Ao mesmo tempo, sinto-me mauzinho
por atacar Shiren the Wanderer. O jogo tem um charme especial na sua
apresentação e na sua história simples mas aconchegante, com personagens que se desenvolvem
gradualmente ao longo das nossas diferentes runs (por vezes
abrindo-nos portas a percursos alternativos por novas zonas da ilha). As funcionalidades extra são engenhosas e pertinentes, desde um modo de treino muito flexível a um sistema de resgate que permite que outros jogadores online (ou nós mesmos) nos dêem uma segunda oportunidade de continuar uma run falhada. E não posso
dizer que detestei a experiência; foi um ótimo entretenimento de dedos para
acompanhar podcasts e séries, perfeito para um mês em
que genuinamente precisei de repousar o cérebro. As suas frustrações não
arruinaram o seu valor de entretenimento; apenas reforçaram o valor do meu confiável
guião rígido de ações… e o meu continuado desinteresse no género.
Um jogador com sensibilidades diferentes poderá apreciar o RNG e armadilhas como elementos desafiadores da sua capacidade de improvisação, poderá valorizar a profundidade dos inimigos, mecânicas e itens como potenciador de maior replay value, poderá gostar do processo de descoberta da estratégia ideal por o fazer sentir um mestre deste sistema de jogabilidade.

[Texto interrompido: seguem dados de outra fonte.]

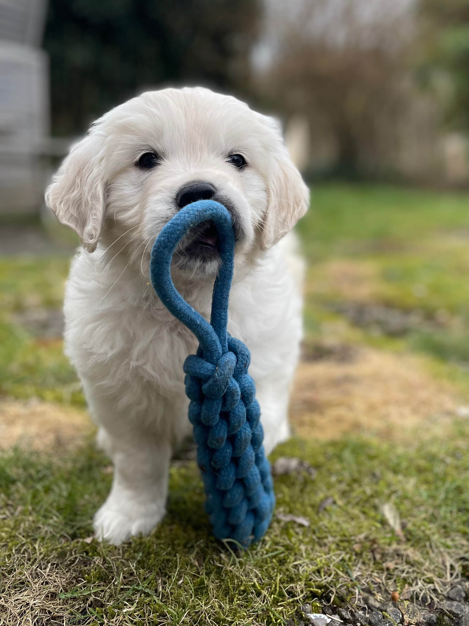 Wunsch-Zuhause: Menschen, die Zeit & Lust haben, Wilma in ihr Leben zu begleiten und die wissen, dass sich ein Welpe nicht von allein erzieht. Die auch bereit sind, ein möglicherweise weiteres Tröpfeln in Kauf zu nehmen. Wilma zeigt sehr schöne Anlagen ein paar Aufgaben lösen zu wollen: retrievertypisch trägt sie gerne Dinge umher und hätte sicherlich Spaß an etwas Hundesport. Aktuell wäre Wilma mit dem Leben in einer Stadt überfordert und aufgrund des noch Tröpfelns wäre ein Garten von großem Vorteil.

Um jogador que não eu. Sou um peixe fora de água, numa galáxia à parte da do público alvo. Não sou portador de nenhuma opinião que não a minha: a de alguém que sente a mostarda no nariz quando ouve falar em roguelikes. Se alguma coisa, o facto de quase todos os meus atritos com The Mystery Dungeon of Serpentcoil Island serem os mesmos que já apontei a tantos outros jogos do género prova que este é roguelike de fibra, sem red flags evidentes para os adeptos da fórmula. Experimentem Shiren the Wanderer sem grandes receios, que eu vou galopar novamente para a minha zona de conforto, um mar de nuvens pálidas por onde saltitam manadas de platformers e jogos publicados pela Nintendo.
Ano: 2024.
Nota: Esta análise foi realizada com base na versão digital do jogo para a Steam Deck, através de um código Steam gentilmente cedido pela editora.